The decline has been driven by a high demand for U.S. dollars in the parallel market, limited dollar inflows, and delays in foreign exchange (FX) disbursements by the Central Bank of Nigeria (CBN). Following the June 2023 directive by President Tinubu, the CBN ended its control of the FX market, unifying the naira exchange rates to allow market forces to determine the currency’s rate. Instead of stabilizing the currency as intended, the naira’s value has plummeted, with the gap between official and parallel market rates widening further.
The World Bank report points out that Nigeria’s struggling economy, exacerbated by high inflation, unstable commodity prices, and low dollar liquidity, has left it vulnerable alongside other African currencies, including Zambia’s kwacha and Angola’s kwanza. Currently, the government’s heavy import reliance, excessive borrowing, and luxury spending habits are adding to the pressure on the economy, forcing a re-evaluation of the naira floatation policy.
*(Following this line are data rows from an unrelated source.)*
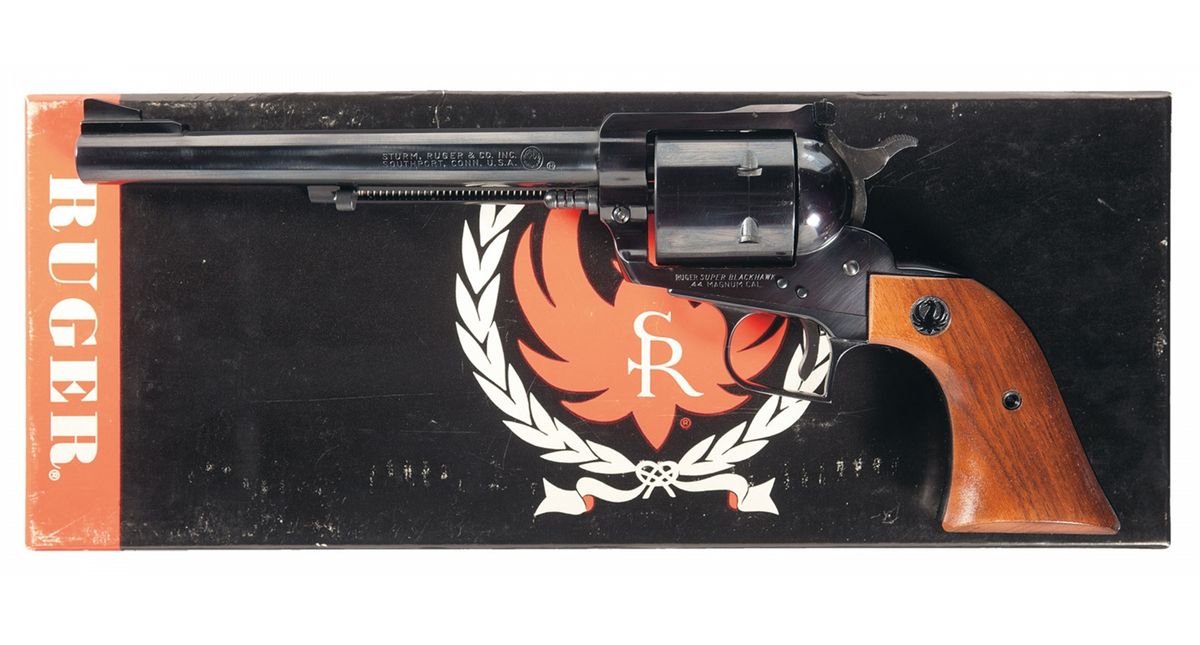 The revolver features the standard barrel and frame markings. Equipped with a raised ramp front sight and an adjustable rear sight, unfluted cylinder, wide target hammer, and square back triggerguard. Fitted with smooth grips with Ruger medallions. Complete with original box numbered to gun and original manual.
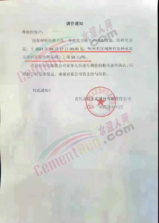 富民金锐水泥建材有限责任公司通知,因原材价格上涨,自4月17日0时起,对所有区域所有品牌水泥及熟料价格上调50元/吨。
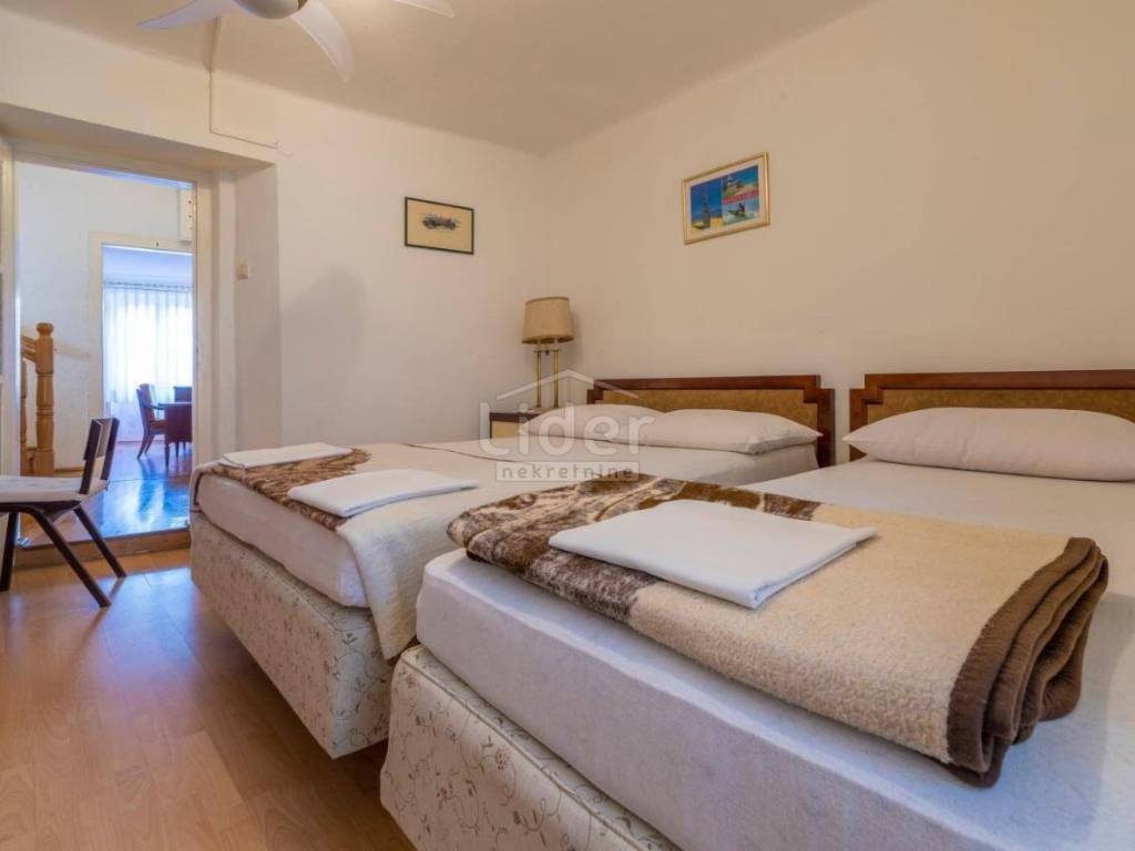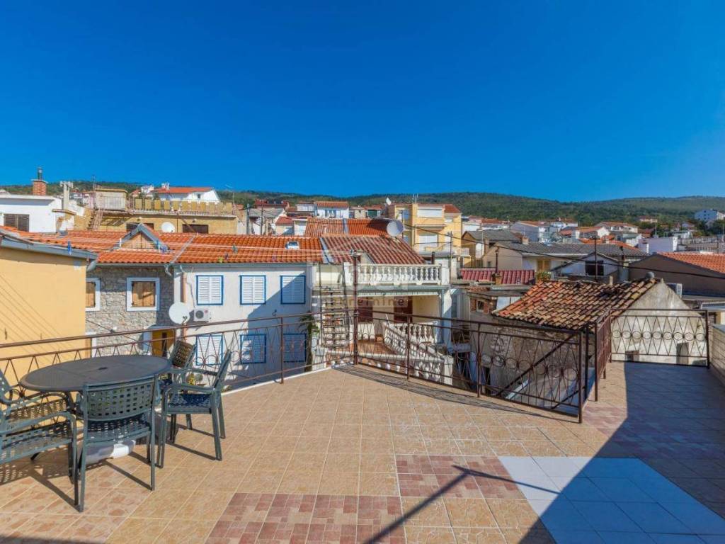 Selce, we are selling a house in the center with 5 bedrooms, 3 bathrooms, 2 kitchens, a tavern. The house has 3 floors, and at the top there is a beautiful terrace with a view of the sea. There is also a terrace on the second floor. The property has new exterior joinery and a new facade. It is located in a great location near all amenities and is suitable for a comfortable family life or for rent.
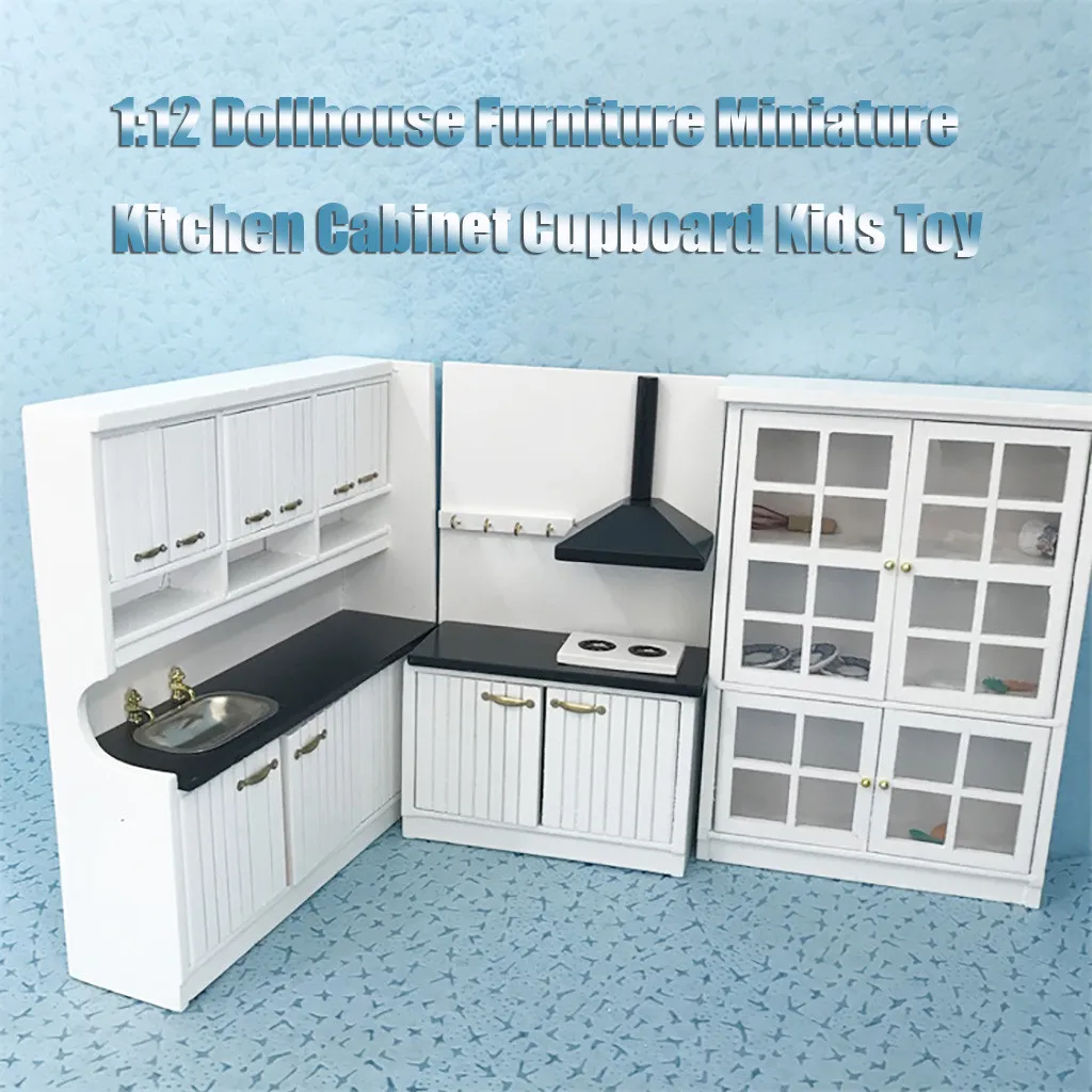 HOT Sale 1:12 Dollhouse Furniture Miniature Kitchen Cabinet Cupboard Kids Toy Play Furniture Toy Doll House
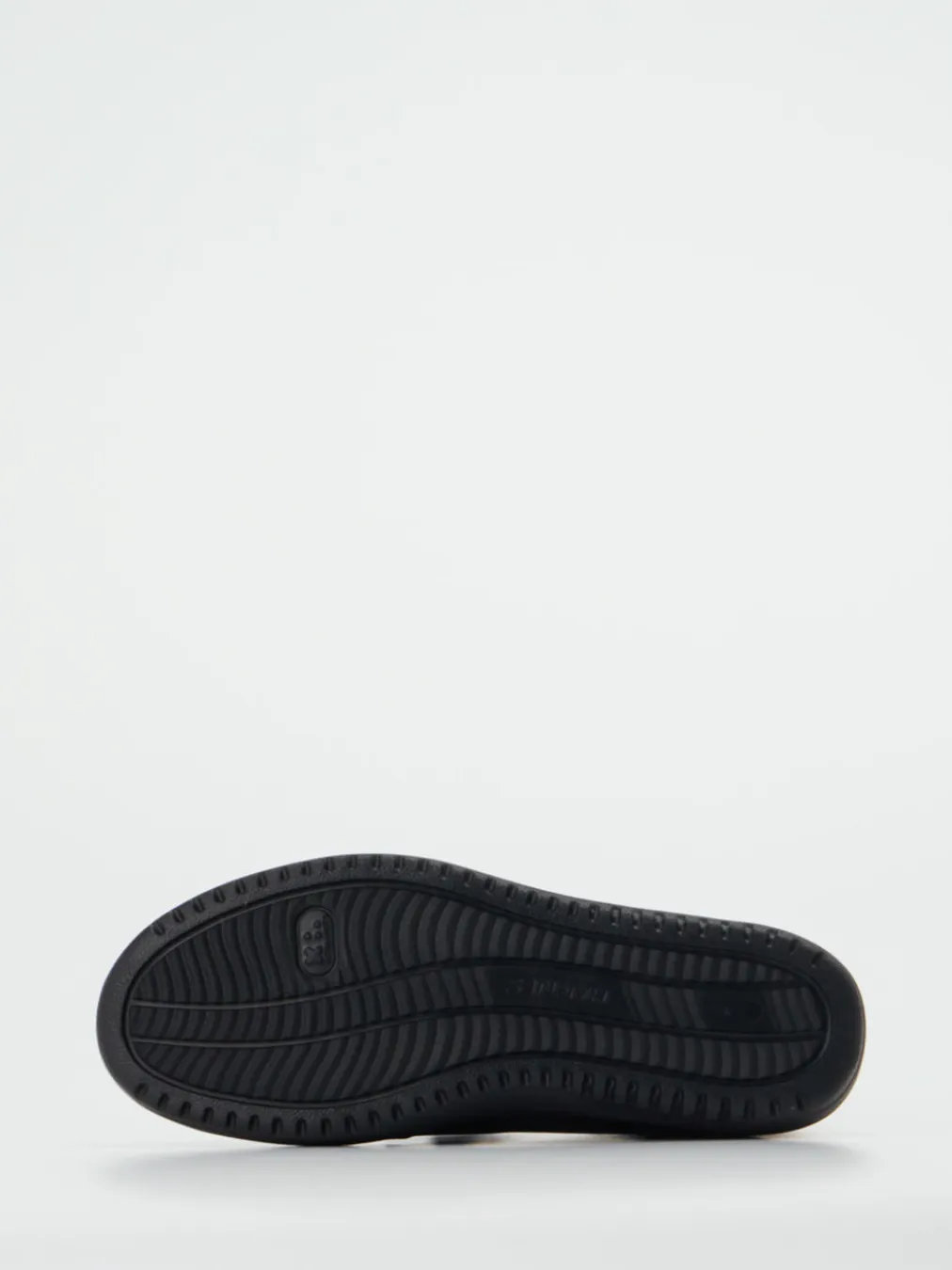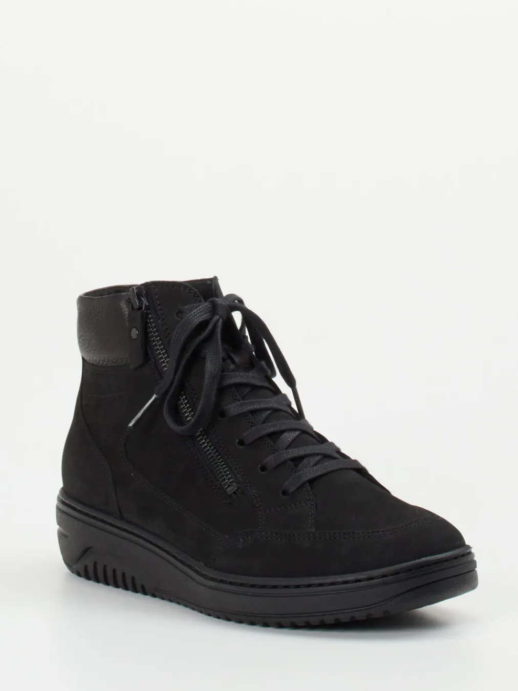 Dieser High-Top-Sneaker überzeugt mit schwarzem Nubukleder, tonigem Finish und hohem Tragekomfort dank gepolstertem Schaft und keilförmiger Gummisohle.

For a more stable exchange rate and currency recovery, the report recommends:
- Attracting foreign investment and improving business conditions by addressing the nation’s energy and infrastructure challenges.
- Reducing dependency on imports and boosting local production, especially in food and SMEs.
- Cutting down on luxury imports among government officials to ease the economic burden on the naira.
With Nigeria’s economic fundamentals insufficient to support a free-floating currency, experts now urge the government to reconsider and adjust the policy before the economic toll deepens, potentially driving more multinational companies out of the Nigerian market.